Yapay zekanın insan zekasını hiçbir zaman geçemeyeceğini söyleyen Sağlıkta İşbirliği Platformu Başkanı Prof. Dr. Melih Bulut, yerli ve milli yapay zekaya ihtiyaç olduğunu vurguladı. Prof. Dr. Bulut, “İnsan duygu, vicdan ve şefkat dolu bir canlıdır. Tabi ki kötü yanları da var ama insan zekası hiçbir şeyle karşılaştırılamaz. İnsan; zeka, beyin ve zihin olarak çok inanılmaz bir varlık” dedi.
“GENÇLERİN YAPAY ZEKAYA MUAZZAM İLGİSİ VAR”

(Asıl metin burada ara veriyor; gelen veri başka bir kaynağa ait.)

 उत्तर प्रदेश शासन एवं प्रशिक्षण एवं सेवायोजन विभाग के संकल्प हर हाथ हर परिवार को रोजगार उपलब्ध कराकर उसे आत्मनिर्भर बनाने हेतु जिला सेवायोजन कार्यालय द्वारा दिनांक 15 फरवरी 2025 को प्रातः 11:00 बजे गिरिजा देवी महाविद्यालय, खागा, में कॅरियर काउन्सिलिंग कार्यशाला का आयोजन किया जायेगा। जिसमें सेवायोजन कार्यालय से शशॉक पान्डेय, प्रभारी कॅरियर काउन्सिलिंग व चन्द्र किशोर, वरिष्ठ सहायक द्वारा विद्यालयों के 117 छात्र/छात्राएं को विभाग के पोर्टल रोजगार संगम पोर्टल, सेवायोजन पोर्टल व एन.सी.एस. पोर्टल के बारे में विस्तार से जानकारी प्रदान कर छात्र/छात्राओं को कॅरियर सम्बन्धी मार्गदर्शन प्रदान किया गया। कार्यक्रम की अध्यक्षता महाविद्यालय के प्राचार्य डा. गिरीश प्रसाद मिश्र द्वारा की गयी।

Üniversitelerde öğrencilerin kurduğu yapa zeka kulüplerinin çok kıymetli olduğunu belirten Prof. Dr. Bulut, “Yapay zekanın ve teknolojilerinin sağlık alanında kullanılmasıyla ‘sağlık zekası’ kavramı oluştu. Türkiye yapay zekada çok hızlı gelişme kaydediyor. Çin, ABD ve Hindistan yapay zeka konusunda önde olan ülkeler. Türkiye de hemen onların arkasından geliyor. Gençlerin yapay zekaya muazzam bir ilgisi var. Öğrenciler bütün üniversitelerde yapay zeka kulüpleri kuruyor. Kendilerini hemen adapte ediyorlar ve üretim yapıyorlar. O yüzden hızla ilerliyoruz ve kendimizi geliştiriyoruz. Dünya çapında sağlıkta yapay zeka projeleri yapan arkadaşlarımız var” diye konuştu.
“YAPAY ZEKAYİ İYİ KULLANAN SAĞLIKÇI BAŞARILI OLACAK”

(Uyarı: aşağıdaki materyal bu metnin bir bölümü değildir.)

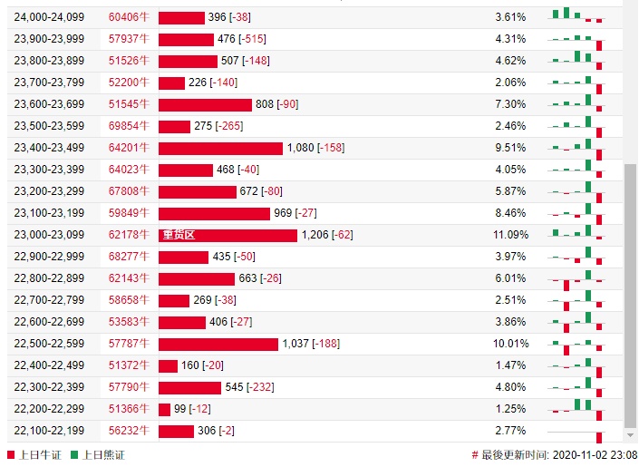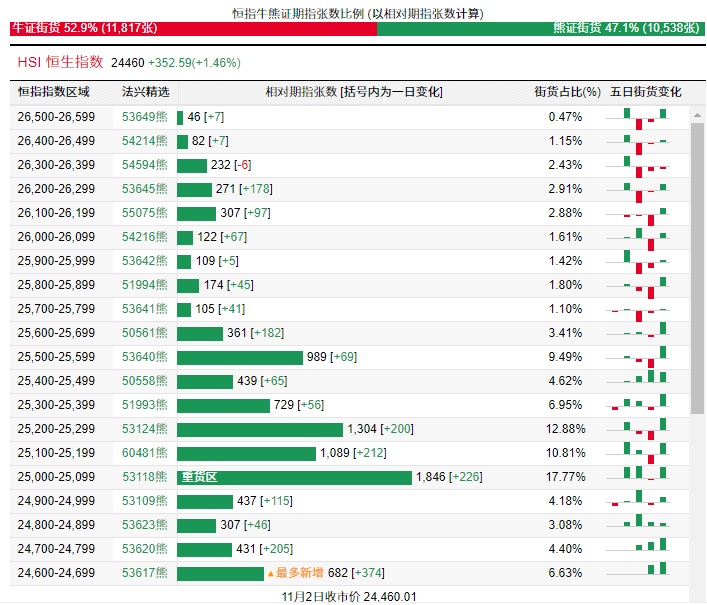 智通财经APP获悉,截至11月2日,恒指最新的牛熊街货比例53:47。法兴银行恒指牛熊证街货分布图中的数据显示,熊证街货重货区在25000-25099区间,该区间最新熊证数量为1846张,较上一交易日增加226张;最多新增在24600-24699区间,该区间最新熊证数量为682张,较上一交易日增加374张。牛证街货重货区在23000-23099区间,该区间最新牛证数量为1206张,较上一交易日减少62张。

İlaç keşfinde yapay zekanın büyük kolaylık sağlayacağını aktaran Prof. Dr. Bulut, “Sağlıkta hastalığın teşhisi için yapılan testlerin süreleri yapay zekayla oldukça kısalacak. İnsan hayatını kolaylaştıracak. Gelecekte sağlıkta yapa zekayı iyi kullanan sağlıkçılar ve kullanamayan sağlıkçılar diye iki grup oluşacak. Kim yapay zekayı daha iyi kullanabilirse o başarılı olacak. Hastalıkların teşhisinde, tedavinin planlamasında, sağlık içi eğitimde, ilaç araştırmalarında yapa zeka önemli, büyük kolaylık sağlayacak. Örneğin, eskiden ilaç keşfi 12 yıl sürerken yapay zekayla bu aylara hatta haftalara indi. O yüzden yapay zeka özellikle sağlıkta son derece kullanışlı bir teknoloji” ifadelerini kullandı.
Gelecekte tıbbın bütün uzmanlık alanlarında yapay zekanın kullanılacağını söyleyen Prof. Dr. Melih Bulut, yapay zekanın meme kanserini doktorlardan daha doğru ve hızlı teşhis edebildiğini dile getirdi.
“SAĞLIKTA YAPAY ZEKA TEKNOLOJİYİ UCUZLATACAK”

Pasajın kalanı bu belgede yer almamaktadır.